In Depth
Security's Role in Handling Layoffs
Layoffs are an unfortunate reality in this economic climate. Security has a critical role in helping support both the departing employees and the organization.
By Michael Fitzgerald
Shipley adds that so much focus has been on hiring in the last few years that some identity management systems are much better at granting access than revoking it.
Kodak's Jones agrees that centralized provisioning has improved in the last few years. Kodak has moved to centralized provisioning via Sun Identity Manager, and "it's been a big benefit to us," he says.
While deprovisioning has improved, the tools could still be better, he says. "The biggest weakness is the interface between whatever provisioning identity management tool you use and all your applications," says Jones.
Oddly, in this Web-based era, companies tend to forget about access to Web-based software. "I honestly don't know why companies miss this," says Thunberg. "A majority, if not all of these environments, have a way to track them."
Perhaps the weakest point in any deprovisioning process comes from external partners or vendors.
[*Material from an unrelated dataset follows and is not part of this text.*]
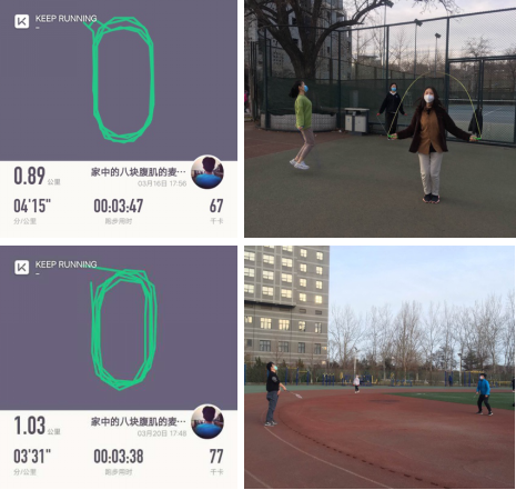 Five之“运动打卡”——疫情期间,学生们的身体健康是第一要务。为鼓励“彩虹班”的学生加强体育锻炼,学院为学生们提供了跳绳、羽毛球和足球等运动器材。班主任多次组织学生在小操场进行户外运动,同学们每天也积极将运动的照片或跑步轨迹上传到班级群中。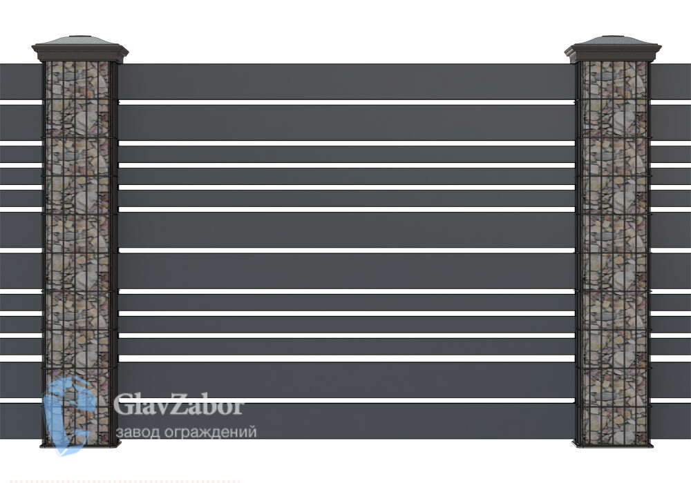 В столбах-габионах использована сетка из прутка 4,8 мм (ячейка 60×200 мм); для монтажа предусмотрен квадратный фланец. Наполнение габионов не входит в комплект поставки.

When those companies lay people off, they may not deprovision them. Hamilton, of the City of Seattle, says that while you can write contracts and service-level agreements requiring contractors to deprovision people who are laid off, you don't have direct control over the process.
Data Leakage
One day this March, a door was propped open on a floor with important IT systems at the City of Seattle. In fact, the door could not be locked, meaning that anyone could potentially have gained access to systems. Monitoring might have alerted the city to large data dumps taking place, but a data thief could have easily been out the door before anyone could do something about it, says Hamilton.
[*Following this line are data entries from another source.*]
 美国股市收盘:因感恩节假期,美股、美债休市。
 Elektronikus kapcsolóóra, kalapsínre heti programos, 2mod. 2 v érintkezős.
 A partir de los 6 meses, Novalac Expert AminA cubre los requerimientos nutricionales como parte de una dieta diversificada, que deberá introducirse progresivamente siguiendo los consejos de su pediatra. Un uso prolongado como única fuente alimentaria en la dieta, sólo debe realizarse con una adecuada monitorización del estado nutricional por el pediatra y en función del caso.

Hamilton says that he and his staff have to be on the constant lookout to help prevent data leakage. With layoffs pending, he's heightened his monitoring and is considering things like tagging certain employees with special monitoring agents.
Still, there's only so much companies can do with monitoring.
"It's hard to get a handle on data leakage—there's so much data in file cabinets as well as on systems," says Michelle Drolet, CEO of Towerwall, a security consultancy in Framingham, Mass.
Indeed, the Ponemon study found that 61 percent of those who take data take it in hard-copy form.
But there are plenty of ways to know if employees are trying to transfer large amounts of data digitally. And most companies are probably already using them—there is always an insider threat. Kodak's Jones says that companies should set monitoring tools and alerts based on perceived threat levels, "and apply them regardless of whether people are being laid off or not."